INFORMATION PROVIDED:
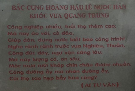 Phần trên phiến đá sa thạch, mặt trước khắc chìm hình ảnh hai vua, mặt sau trích đoạn thơ Ai Tư Vãng của Bắc cung Hoàng hậu Lê Ngọc Hân khóc chồng.
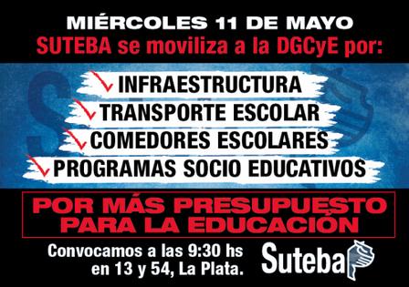 El SUTEBA se movilizará el miércoles 11 a la DGCyE, en La Plata, por la resolución de problemáticas en infraestructura, transporte escolar, comedores, y programas socioeducativos
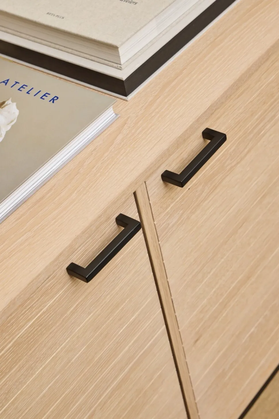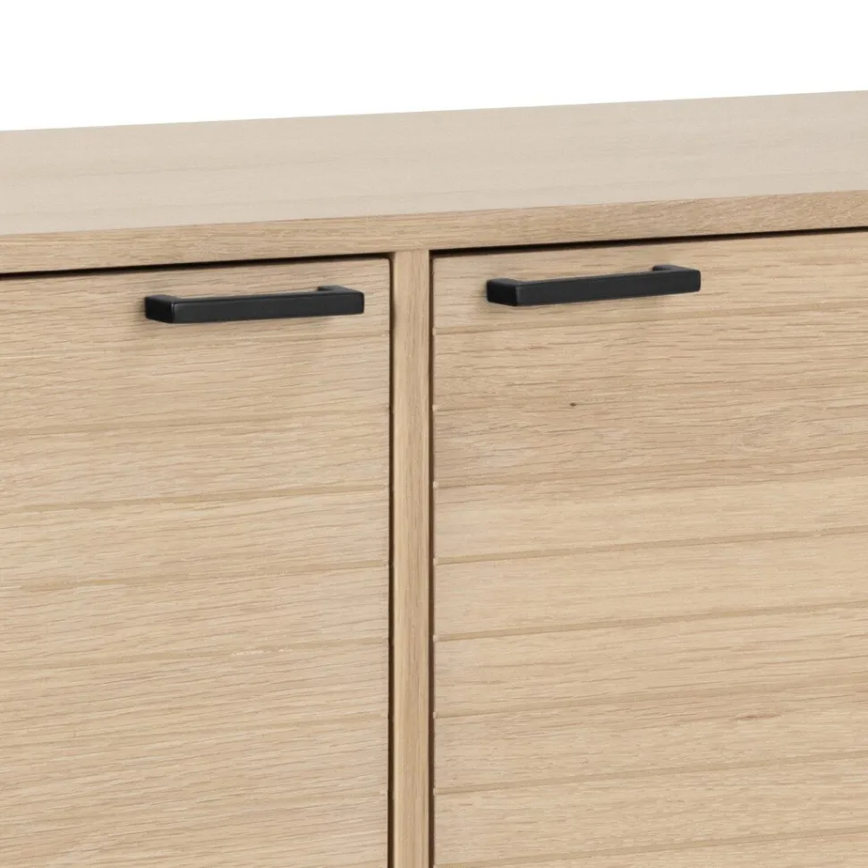 - Szafka posiada cztery drzwi z dekoracyjnymi lamelami, za którymi skrywają się regulowane półki. To rozwiązanie umożliwia efektywne wykorzystanie przestrzeni i pomaga utrzymać porządek.
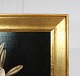 Oliemaleri med blomster motiv af I.L. Jensen skole fra omkring år 1840-1880. Maleriet er i flot stand og med guld malet træramme.

WHAT YOU WILL DO: The expected result is the material restated word for word, minus any picture.

ANSWER SECTION:
 Phần trên phiến đá sa thạch, mặt trước khắc chìm hình ảnh hai vua, mặt sau trích đoạn thơ Ai Tư Vãng của Bắc cung Hoàng hậu Lê Ngọc Hân khóc chồng.
 El SUTEBA se movilizará el miércoles 11 a la DGCyE, en La Plata, por la resolución de problemáticas en infraestructura, transporte escolar, comedores, y programas socioeducativos
 - Szafka posiada cztery drzwi z dekoracyjnymi lamelami, za którymi skrywają się regulowane półki. To rozwiązanie umożliwia efektywne wykorzystanie przestrzeni i pomaga utrzymać porządek.
 Oliemaleri med blomster motiv af I.L. Jensen skole fra omkring år 1840-1880. Maleriet er i flot stand og med guld malet træramme.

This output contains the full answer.